Re: [xml] Loss of whitespace

Date view Thread view Subject view Author view

From: Paul DuBois (paul@snake.net)
Date: Wed Mar 01 2000 - 23:25:24 EST


At 4:15 AM +0100 2000-03-02, Daniel Veillard wrote:
>On Wed, Mar 01, 2000 at 09:24:08PM +0100, Daniel Veillard wrote:
>>
>> On Wed, Mar 01, 2000 at 01:40:39PM -0600, Paul DuBois wrote:
>> >
>> > I first reported this on the PHP4 mailing list, but after some more
>> > poking around, what I'm observing seems to be happening in the libxml
>> > library that PHP4 uses.
>> >
>> > Here's a sample document:
>> >
> > > <?xml version='1.0'?>
>> > <root>
>> > a<x> </x>b<x> </x>c
>> > </root>
> > >
>> >
>> > If I run this through "tester", I get:
>> >
>> > <root>
>> > a<x/>b<x/>c
>> > </root>
>> >
>> > Note that the whitespace which forms the contents of the <x> elements
>> > has been discarded.
>> >
>> >
>> > How do I defeat this?
>>
>> With an upgrade, I need to fix this ASAP. I guess it's worth releasing
>> an 1.8.7 lib just for this <grin/>
>
> This proves to be incredibly hard to fix !!!
>If I fix it, basically the tree produced by a document like
><root>
><x> </x>
></root>
>would be:
>
>doc
> |
> -> root
> |
> ->text(\n) -> x -> text(\n)
> |
> -> text( )
>
>instead of
>
>doc
> |
> -> root
> |
> -> x
> |
> -> text( )
>
>which is what you expect.

Actually, the *first* form is exactly what I would expect, not the second.
I would expect a text node to be created for each occurrence of
text, whitespace included.

>and currently libxml generates
>
>doc
> |
> -> root
> |
> -> x
>
>There is no clean way to know whether such a white space is significant
>a priori, and I'm afraid that in the current for it would break most of the
>apps around using libxml.
>
>Without a DTD telling me what is the content type of the element root
>I cannot assume it's just (x)* and not (CDATA | x), hence wether
>I can safely assume that this can be ignored
>
>Check the related section at:
> http://xml.com/axml/target.html#sec-white-space
>
>and especially the couple of comments put by Tim Bray under the (T)
>links.

What I see there is this comment:

An XML processor must always pass all characters in a document that
are not markup through to the application.

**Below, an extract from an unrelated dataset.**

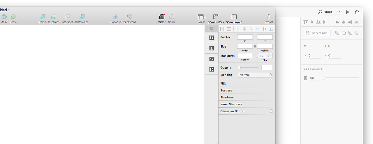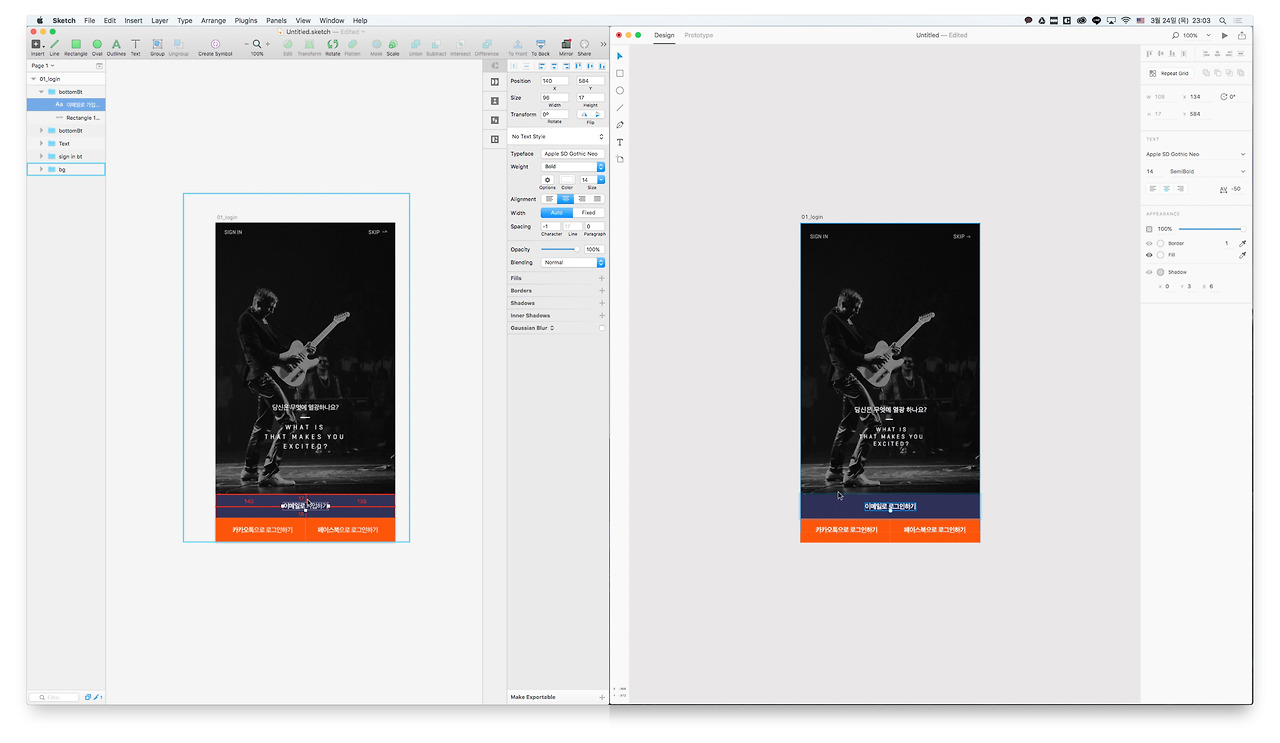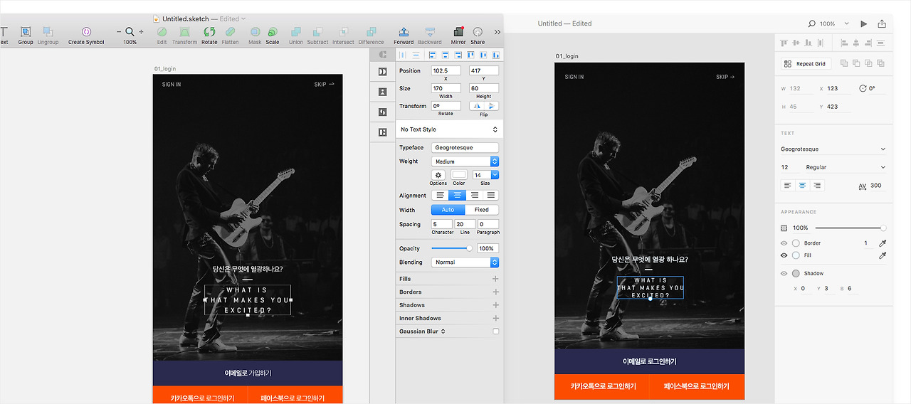 좌측 영역의 오브제나 타이포가 셀렉트 되었을 때의 크기나 위치, 색상 등을 수정할 수 있는 옵션이 있습니다. 아직까지는 Sketch가 Blur, Inner Shadows의 기능을 더 가지고 있고 XD는 기본적인 Border와 Shadows, Opacity기능만을 가지고 있습니다. 그리고 정렬을 하거나 수치를 입력하는 것은 동일합니다.

And the annotation (http://xml.com/axml/notes/AllWSAlways.html) notes this:

------
XML's White Space Policy

XML has an incredibly simple rule about how to handle white space,
that is contained in this one sentence: "If it ain't markup, it's
data."
Under no circumstances will an XML processor discard some white space
because, in the processor's opinion, it is not "significant".
------

and this, which seems especially pertinent to the discussion:

------
This behavior is going to cause some surprises and problems for XML
users and programmers, because we've come to expect (as a result of
working with SGML and HTML) "insignificant" white space to
auto-magically vanish.
------

>No single heuristic will work. And I'm using such an heuristic in libxml
>and changing it will probably kill a lot of applications using libxml,
>I tried with gnumeric it didn't liked :-(. PHP might break seriously too

Actually, I noticed it because in an application I'm doing the PHP4
version was acting very strange compared to the Perl version. Turned
out that the difference was libxml's tossing of whitespace.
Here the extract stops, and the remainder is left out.